KSHV is a gammaherpesvirus which, like EBV, has part of its natural lifecycle in CD19⁺ B lymphocytes. It is apparent that a portion of the KSHV genome is devoted to maintenance of the virus in the B-cell environment. B cells, for example, respond to antigen by activating immunoreceptor signaling pathways to achieve rapid clonal expansion. Under normal circumstances, induction of cell death by apoptosis occurs after B-cell expansion to prevent lymphocytic hyperplasia (25). The ability of LANA2 to prevent p53-mediated B-cell apoptosis would be an apparent benefit in maintaining an expanded population of infected cells or in preventing p53 pathway activation as part of a cellular antiviral response. While our in vitro studies suggest that LANA2 inhibition of p53 activity is through direct protein-protein interaction, caution is necessary in interpreting these results since they were not confirmable through in vivo interaction assays. The p53 region binding LANA2 (aa 290 to 393) in GST pull-down assays includes the p53 tetramerization and regulatory domains, as well as residues acetylated by p300 (17), suggesting a plausible mechanism.

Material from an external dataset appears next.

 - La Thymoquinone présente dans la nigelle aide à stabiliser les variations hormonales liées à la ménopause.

The reasons why KSHV possesses two latency-expressed viral proteins, LANA1 and LANA2, to target the same p53 tumor suppressor protein are unclear. LANA1 is constitutively expressed in both KS lesions and KSHV-infected hematopoietic tissues and therefore appears to have a broader functional spectrum than LANA2. It is important to note that our LANA2 experiments showing functional p53 inhibition were performed in osteosarcoma cell lines and so, at least under the conditions of our assays, LANA2 inhibition of p53 is not unique to B cell lines.

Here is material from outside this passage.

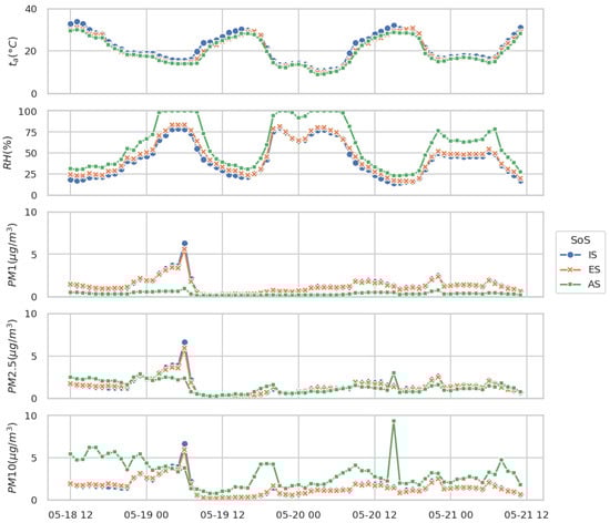 Two independent measurement systems (IS and ES) based on Arduino Mega 2560, (manufactured in Italy, Turin, by Arduino srl), were built for the measurement of environmental parameters [20,21]. The systems have a onboard Real-Time Clock (RTC), a data logger on flash memory, a fan, and a TFT display. The RTCs of the two systems are constantly synchronized thanks to time data received from the GPS module. Both systems can measure the concentration of particles in air matter (PM) (Sensirion SPS30 sensor, manufactured in Zurich, Switzerland, by Sensirion AG), the concentration of TVOC in the air (Sensirion SGP30 sensor), the concentration of air CO2 (Winsen MH-Z19B nondispersive infrared sensor, manufactured in Zhengzhou, China, by Zhengzhou Winsen Electronics Technology Co., Ltd.), the formaldehyde concentration (Winsen ZE08 sensor, manufactured in manufactured in Zhengzhou, China, by Zhengzhou Winsen Electronics Technology Co., Ltd.), the temperature, relative humidity and pressure of the air (Bosch Sensortec BME280 sensor, manufactured in Reutlingen, Germany, by Bosch Sensortec GmbH), air flow velocity (hot wire analog sensor), and GPS position. The systems are equipped with a fan that transports air inside the device enclosure, where CO2 and formaldehyde sensors are mounted, while the SPS30 sensor is equipped with its built-in fan. Both systems independently sampled data in 10 s intervals. All digital sensors used in the measurement device include a microcontroller that implements optimization and self-calibration algorithms. Among all the quantities measured by the low-cost SoS, only some sensors have been validated, i.e., those that overlap with the reference instrumentation. These are shown in Table 1, together with the available daily values from the ARPA reference station. The BME280 sensor was used for temperature and humidity measurements, while the SPS30 sensor was used for PM concentration measurements in the LCSoS. In Table 1, IS and ES are the two independent LCSoSs, while AS refers to the equivalent equipment measurement system of the ARPAE considered for validation. In Table 1, MSR means the Main Site Reference data, i.e., the daily measurements obtained by the ARPAE reference equipment [22].

Regardless of the mechanism for p53 inhibition, LANA2 is a likely candidate protein involved in cell proliferation in hematopoietic tissues. Inhibition of p53-induced apoptosis may contribute to B-cell hyperplasia in Castleman's disease and to cell transformation in PEL cells. Although KSHV vCYC is constitutively expressed on LT1 and LT2 in all infected cell lines, stable expression of this cyclin homolog has been difficult to achieve in vitro since it induces apoptosis (31). Direct inhibition of both pRB and p53 signaling pathways by vCYC together with LANA1 and LANA2 could theoretically contribute to proliferative and/or neoplastic expansion of infected B cells.

ADDENDUM

We are aware that another group, Mori and colleagues, has independently characterized LANA2 as a novel KSHV latency protein (submitted for publication). While our manuscript was under revision, Lubyova and Pitha (J. Virol. 74:8194–8201, 2000) published a description of the K10.5 gene product (called “vIRF-3”) but found that it is an inducible gene using reverse transcription-PCR, in contrast to our data and that of Mori et al.